Se utilizaron todas las terapias que podían aplicarse a su caso. Los terapeutas estaban encantados
con su espíritu invencible. Le enseñaron a visualizar, a verse a sí misma caminando. Si no le servía
para otra cosa, al menos le daría esperanza y algo positivo para hacer en las largas horas de vigilia
en su cama. Angela hacía todos los esfuerzos posibles en la terapia física, en los aparatos y en las
sesiones de ejercicio. Pero trabajaba con igual intensidad acostada en la cama, haciendo su
visualización, imaginando que se movía, se movía, se movía.
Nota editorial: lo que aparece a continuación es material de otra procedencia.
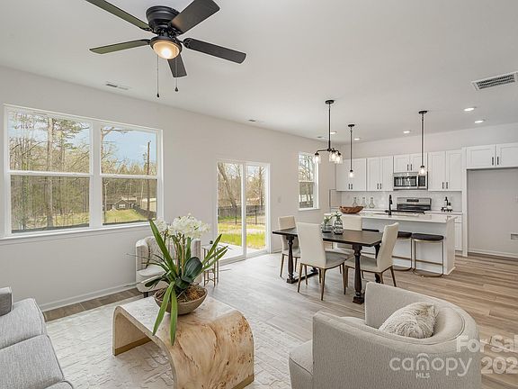 Welcome to Sadler Village, the newest community built by Red Cedar Homes, located just 10 minutes from Charlotte airport & 15 minutes from Uptown. This lovely Elm home includes 3 bedrooms, 2.5 baths, spacious loft, double-car garage & ONLY covered backporch in the neighborhood. Gorgeous SPC flooring throughout first floor, seamlessly connects living, dining & kitchen areas. Kitchen features soft-close, dovetail shaker cabinetry & quartz countertops paired with beautiful tile backsplash that shines next to the stainless-steel appliances. Upstairs are all bedrooms with large closets & spacious loft. Luxurious primary bathroom has tile floors, tile shower walls & framed glass door. Both full bathrooms have beautiful quartz countertops atop shaker, soft-close cabinets & framed mirrors. The useful 2nd floor laundry room boasts a recessed dryer vent. Ready in July 2025!

Un día, mientras se esforzaba con todo su empeño en imaginar sus piernas otra vez en ovimiento,
se produjo una especie de milagro: ¡la cama se movió!

Empezó a moverse por la habitación. Angela gritaba: "¡Miren! ¡Miren! ¡Puedo hacerlo! ¡Me moví,
me moví!".

Por supuesto, en ese preciso instante todos en el hospital gritaban también, y corrían a buscar
refugio.

La gente gritaba, se caían los aparatos y se rompían vidrios. Claro, era un terremoto en San
Francisco. Pero no se lo digan a Angela. Ella está convencida de que lo hizo. Y ahora, apenas unos
años más tarde, está de vuelta en el colegio. Sobre sus dos piernas. Sin muletas, sin silla de
ruedas. Ven, cualquiera que sea capaz de sacudir la tierra entre San Francisco y Oakland puede
vencer a una enfermedad insignificante, ¿no?